───── Records to process ─────
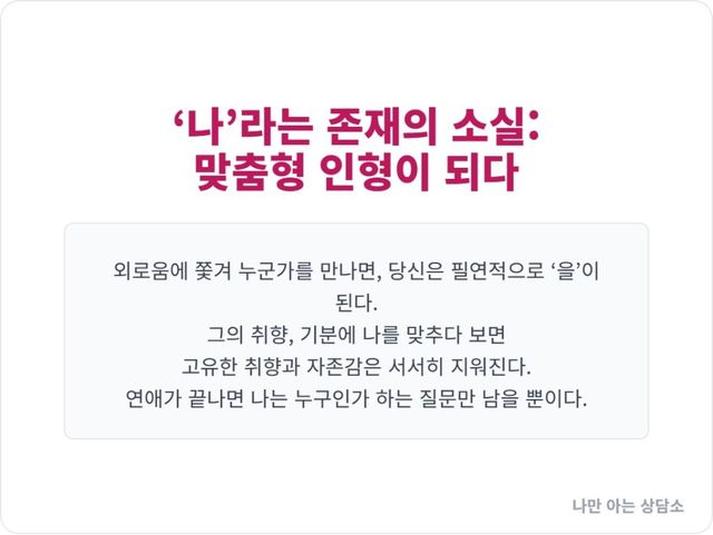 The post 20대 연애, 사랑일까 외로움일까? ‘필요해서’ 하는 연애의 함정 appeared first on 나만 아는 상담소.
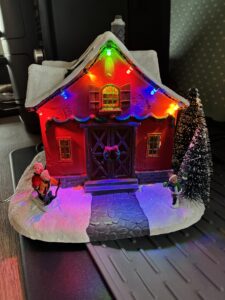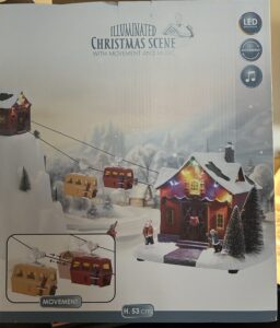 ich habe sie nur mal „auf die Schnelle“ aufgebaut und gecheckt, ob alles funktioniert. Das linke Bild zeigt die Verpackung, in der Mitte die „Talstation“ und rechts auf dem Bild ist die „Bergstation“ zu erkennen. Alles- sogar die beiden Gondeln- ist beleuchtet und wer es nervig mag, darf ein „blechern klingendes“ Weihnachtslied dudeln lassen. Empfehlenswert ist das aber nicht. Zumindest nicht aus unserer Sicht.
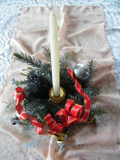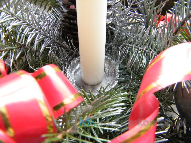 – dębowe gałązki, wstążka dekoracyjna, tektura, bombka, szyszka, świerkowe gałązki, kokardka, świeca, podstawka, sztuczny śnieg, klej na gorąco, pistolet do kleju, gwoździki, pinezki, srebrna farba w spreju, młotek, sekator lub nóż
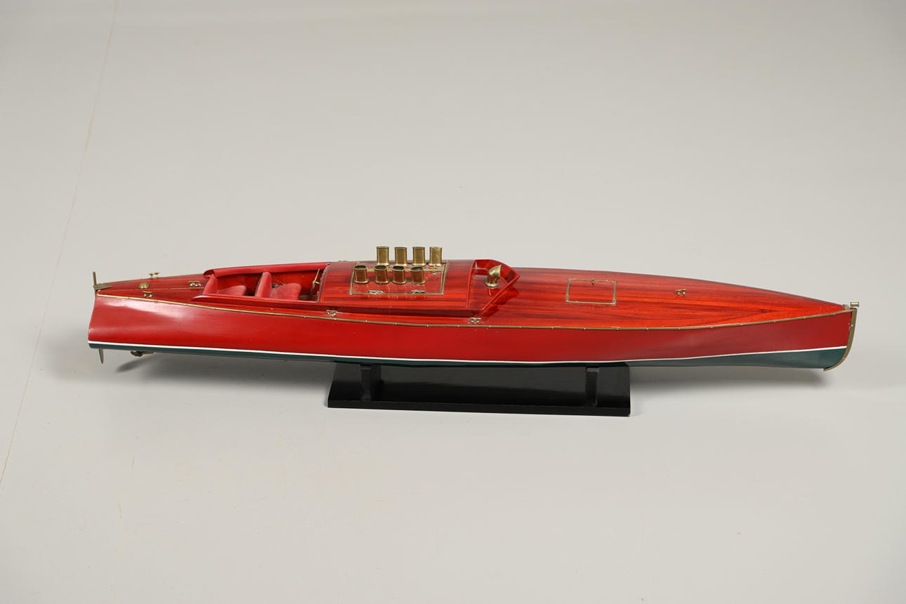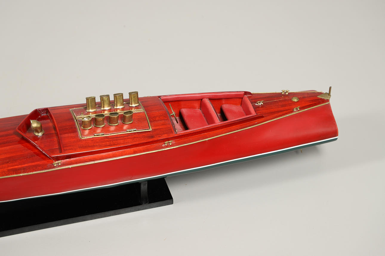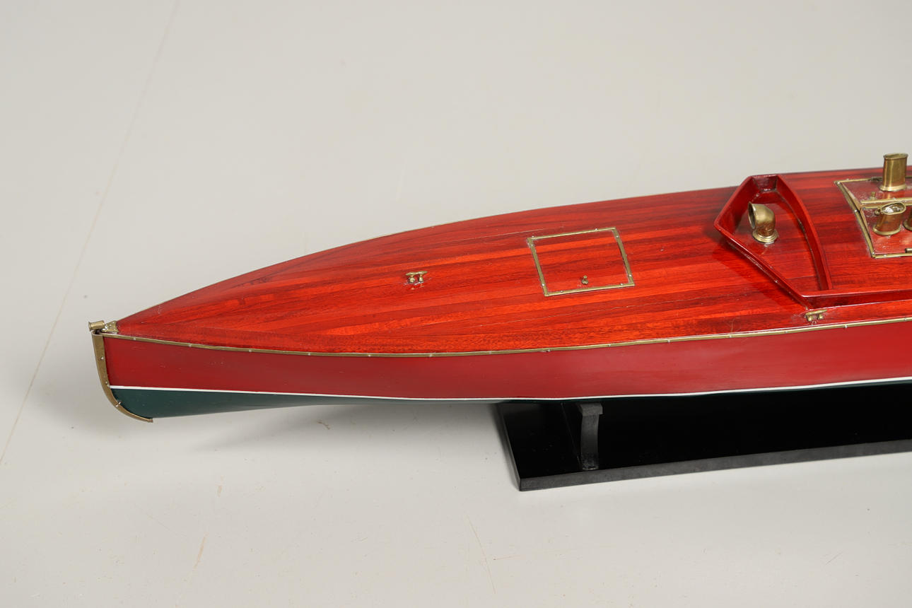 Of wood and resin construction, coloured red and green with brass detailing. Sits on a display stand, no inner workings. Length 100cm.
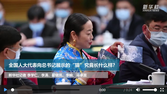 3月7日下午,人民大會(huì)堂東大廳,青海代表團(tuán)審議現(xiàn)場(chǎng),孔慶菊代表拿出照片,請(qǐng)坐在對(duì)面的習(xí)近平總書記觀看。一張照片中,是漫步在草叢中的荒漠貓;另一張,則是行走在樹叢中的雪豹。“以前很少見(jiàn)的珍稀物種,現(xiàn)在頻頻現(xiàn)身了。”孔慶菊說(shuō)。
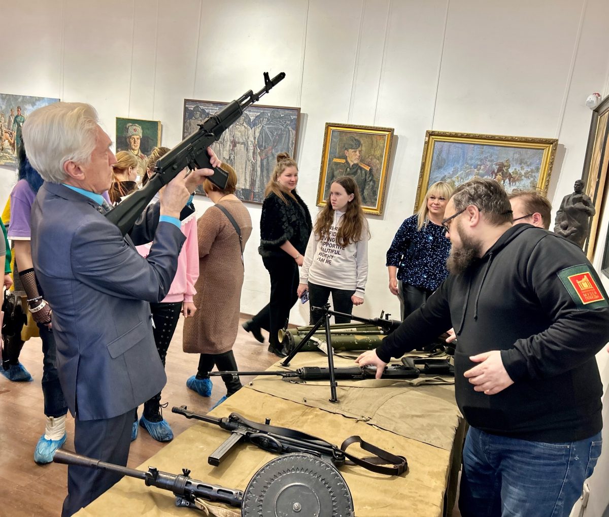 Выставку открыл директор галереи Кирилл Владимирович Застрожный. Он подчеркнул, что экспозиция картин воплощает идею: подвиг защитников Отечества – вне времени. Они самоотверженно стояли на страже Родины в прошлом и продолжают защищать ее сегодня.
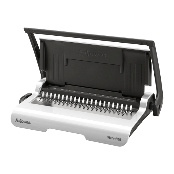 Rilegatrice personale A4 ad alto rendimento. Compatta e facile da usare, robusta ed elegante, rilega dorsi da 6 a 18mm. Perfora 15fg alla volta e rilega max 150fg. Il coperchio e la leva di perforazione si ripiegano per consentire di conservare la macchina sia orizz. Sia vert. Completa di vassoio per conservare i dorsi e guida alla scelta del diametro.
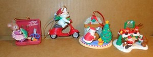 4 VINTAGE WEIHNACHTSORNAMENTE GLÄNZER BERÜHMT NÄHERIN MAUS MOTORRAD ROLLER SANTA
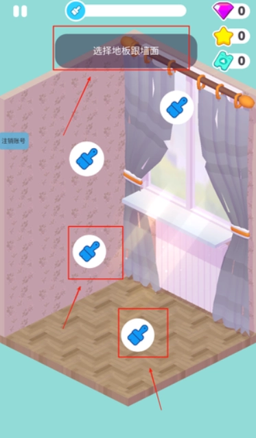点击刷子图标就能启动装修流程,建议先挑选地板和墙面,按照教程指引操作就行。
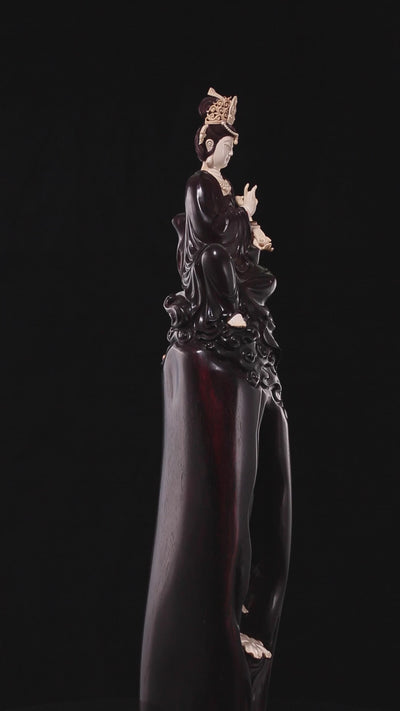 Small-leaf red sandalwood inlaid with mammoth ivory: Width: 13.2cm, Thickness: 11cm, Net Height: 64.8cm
─────
### Task objective
Please repeat each record above precisely, with the pictures left out.

### Task answer
 The post 20대 연애, 사랑일까 외로움일까? ‘필요해서’ 하는 연애의 함정 appeared first on 나만 아는 상담소.
 ich habe sie nur mal „auf die Schnelle“ aufgebaut und gecheckt, ob alles funktioniert. Das linke Bild zeigt die Verpackung, in der Mitte die „Talstation“ und rechts auf dem Bild ist die „Bergstation“ zu erkennen. Alles- sogar die beiden Gondeln- ist beleuchtet und wer es nervig mag, darf ein „blechern klingendes“ Weihnachtslied dudeln lassen. Empfehlenswert ist das aber nicht. Zumindest nicht aus unserer Sicht.
 – dębowe gałązki, wstążka dekoracyjna, tektura, bombka, szyszka, świerkowe gałązki, kokardka, świeca, podstawka, sztuczny śnieg, klej na gorąco, pistolet do kleju, gwoździki, pinezki, srebrna farba w spreju, młotek, sekator lub nóż
 Of wood and resin construction, coloured red and green with brass detailing. Sits on a display stand, no inner workings. Length 100cm.
 3月7日下午,人民大會(huì)堂東大廳,青海代表團(tuán)審議現(xiàn)場(chǎng),孔慶菊代表拿出照片,請(qǐng)坐在對(duì)面的習(xí)近平總書記觀看。一張照片中,是漫步在草叢中的荒漠貓;另一張,則是行走在樹叢中的雪豹。“以前很少見(jiàn)的珍稀物種,現(xiàn)在頻頻現(xiàn)身了。”孔慶菊說(shuō)。
 Выставку открыл директор галереи Кирилл Владимирович Застрожный. Он подчеркнул, что экспозиция картин воплощает идею: подвиг защитников Отечества – вне времени. Они самоотверженно стояли на страже Родины в прошлом и продолжают защищать ее сегодня.
 Rilegatrice personale A4 ad alto rendimento. Compatta e facile da usare, robusta ed elegante, rilega dorsi da 6 a 18mm. Perfora 15fg alla volta e rilega max 150fg. Il coperchio e la leva di perforazione si ripiegano per consentire di conservare la macchina sia orizz. Sia vert. Completa di vassoio per conservare i dorsi e guida alla scelta del diametro.
 4 VINTAGE WEIHNACHTSORNAMENTE GLÄNZER BERÜHMT NÄHERIN MAUS MOTORRAD ROLLER SANTA
点击刷子图标就能启动装修流程,建议先挑选地板和墙面,按照教程指引操作就行。
 Small-leaf red sandalwood inlaid with mammoth ivory: Width: 13.2cm, Thickness: 11cm, Net Height: 64.8cm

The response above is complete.